Через открытую форточку в помещение робко проникал тёплый летний ветерок, отгонял воспоминания, они отступали, уступая место сну…
Утром, проснувшись, Вяткин наскоро перекусил куском черствого хлеба с луком, запил холодным чаем и поспешил в бывшее дворянское собрание, а ныне городской клуб имени народовольца Андрея Желябова, где и должна была состояться дискуссия по сталинскому тезису о возможности победы социализма в отдельно взятой стране. Он ни минуты не сомневался, что товарищи поймут его правильно и утвердят сталинскую концепцию в качестве основного партийного принципа…
На выходе из общежития Серафим почему-то не заметил привычно стоявшего у дверей охранника Силыча. В глаза ему ударило и ослепило необычно яркое солнце. Он на минуту зажмурился, застыл на месте, а когда открыл глаза, долго смотрел, не отрываясь, в одну точку пока все вокруг не начало двоиться и расплываться. Через минуту он уже совершенно забыл, куда собирался идти и где сейчас находится. Город вдруг показался Вяткину незнакомым: неизвестные улицы, незнакомые дома и много-много народа. Он чуть оробел, потоптался на одном месте, отряхнул галифе, расправил под ремнем гимнастерку. На него не обращали внимания. Люди шли мимо по своим делам, строго и спокойно смотрели прямо перед собой.
Серафим пошел вместе с ними.

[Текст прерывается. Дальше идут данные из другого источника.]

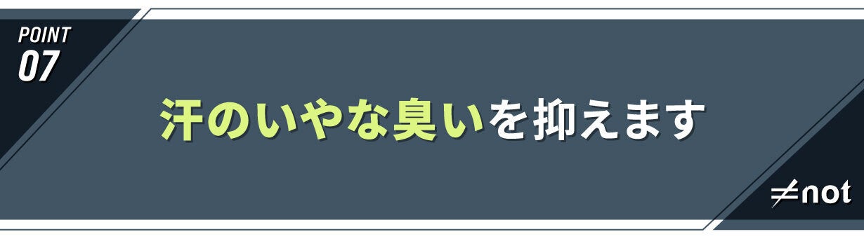 繊維表面にイオン化状態を作り悪臭物質を吸着する特殊素材を採用したことにより汗の嫌な臭いを抑えます。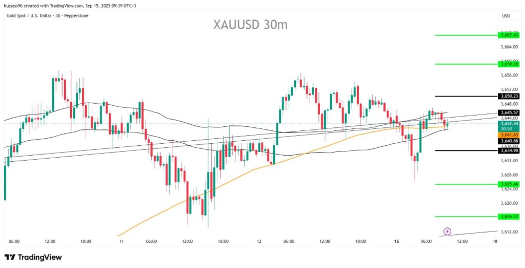 السيناريو الأول: شراء الذهب بكسر والثبات أعلى 3,650.23 مع استهداف 3,659.26 ثم 3,667.43

Он с детства был приучен ходить по течению: строем, на марше, в колонне, пошёл и сейчас, смело шагнув с крыльца на тротуар. Осмотрелся по сторонам. Рядом с ним двигался молодой парень с выкрашенными в разные цвета волосами, что торчком стояли на макушке.

– Скоморох, что ли, – усмехнулся про себя Вяткин.

Несколько молодых женщин в совсем коротеньких узеньких штанишках, выставив напоказ голые упругие ляжки, курили длинные папиросы и что-то весело обсуждали. Мимо прошли солидные мужчины в костюмах, никто никого не стеснялся.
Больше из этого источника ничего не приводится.